Progresar implica pasar de un estado a otro. Pero el cambio debe suponer que el estado posterior sea mejor que el anterior. Nuevamente, la lectura del estado inicial y el estado final, dependerá del sistema de creencias en el cual se ha sido entrenado. Más importante que el contenido de un currículo educacional, más relevante que “lo que se dice”, es “lo que no se dice”. Por ejemplo, el actual sistema educacional dice que para ser un gran tipo en la vida necesitas ser muy bueno en matemáticas.
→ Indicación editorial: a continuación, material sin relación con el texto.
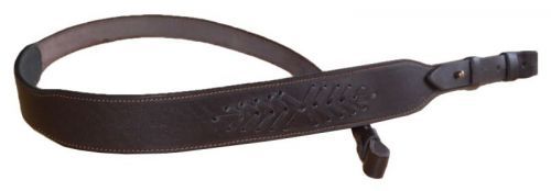 Handmade rifle gun sling made from dark brown natural leather. It has a unique conical shaped design and weaved ornament. Adjustable length using Chicago bolt and microporous padding makes it very comfortable and non-slippery. Impregnated sides (using wax and paint) protects leather from moisture.
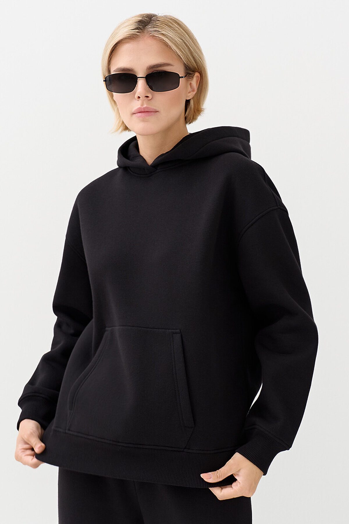 Женское утеплённое худи свободного кроя из мягкого футера с начёсом, со спущенным плечом, длинными рукавами, капюшоном и карманом-«кенгуру» спереди. Манжеты и низ, оформленные рибаной в лаконичный рубчик, добавляют изделию текстурности и делают силуэт более графичным. Трикотажный материал на основе высококачественного хлопка отлично пропускает воздух, приятно ощущается на теле и подходит даже для чувствительной кожи. Добавление полиэстера создает теплосберегающий эффект, а деликатная обработка швов обеспечивает дополнительный комфорт. Стильное и тёплое решение на каждый день: расслабленный силуэт и тактильная мягкость создают атмосферу уюта, а минималистичный дизайн становится универсальной основой для самых разных образов — от спортивных до городских.
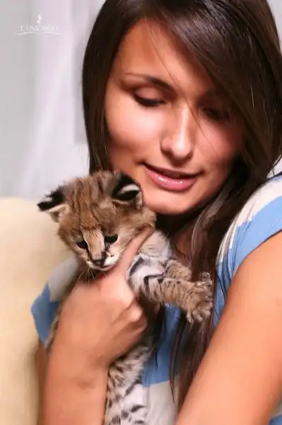 размер средней собаки, домашние Сервалы абсолютно безопасны, в том числе для детей и домашних питомцев.
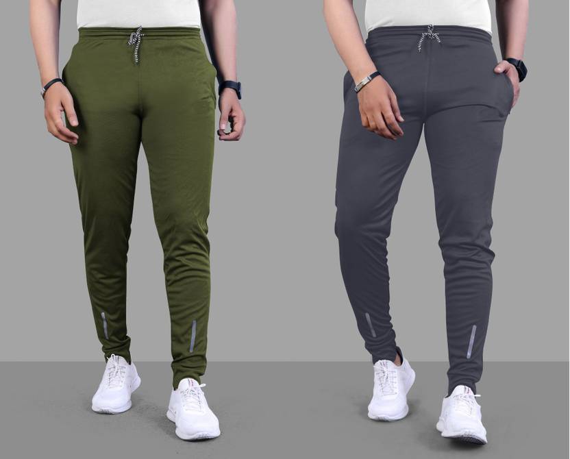 SuzaroΒ Pack of 2 Men Solid Olive, Grey Track Pants
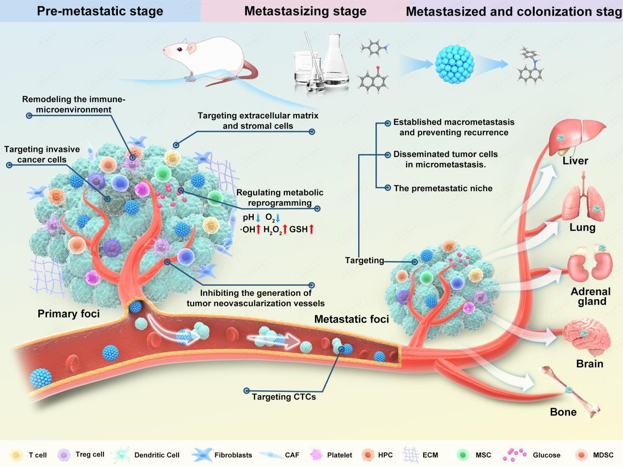 转移是肺癌患者预后不良的主要原因。传统防治措施如手术、放化疗、靶向、免疫、抗体药物偶联物及天然药物等对于改善肺癌转移患者的预后仍十分有限。近年来,纳米技术飞速发展,新兴交叉领域——肿瘤纳米医学,为肺癌转移的防治带来了新的希望。纳米材料因其良好的生物相容性、肿瘤靶向性、智能响应性控释、多药联合递送、抗多药耐药等特征,可用于制备高效的药物递送系统。此外,纳米材料因其特有的光、声、电、热、磁、酶或类酶活性等,可充分发挥药辅合一的优势和特色,在肿瘤转移防治领域展现出巨大的潜力。

Pero el actual mejor chef del mundo, de seguro no usa en su trabajo y vida más que las matemáticas aprendidas en los tres primeros años de escolaridad. Las ecuaciones cuadráticas no son las responsables de que haya listas de espera de más de un año para probar uno de sus platillos.

 

 

 

 

El  sistema educacional estándar funciona como un oscuro laberinto lleno de abismos de frustración y callejones sin salida. Caminos que no conducen a ningún lugar más que a pozos de despropósito que se tragan sociedades enteras que logran ver ni caminar la senda de un mejor mañana.

 

Qué tal si planteáramos un sistema educacional que nutriera a las generaciones por venir del amor necesario para desear la mejora constante de la vida en su comunidad, el poder de la fe para ver y creer en aquellas constantes mejoras y los entrenara en un dominio de sí mismos que los facultara para decidir por el amor y avanzar en la fe. Una educación así puede sacar pueblos de la lóbrega tierra de la orfandad para convertir sus comunidades en jardines de sana creatividad y abundante esperanza, y abriendo así las carreteras de un verdadero progreso en justicia y verdad.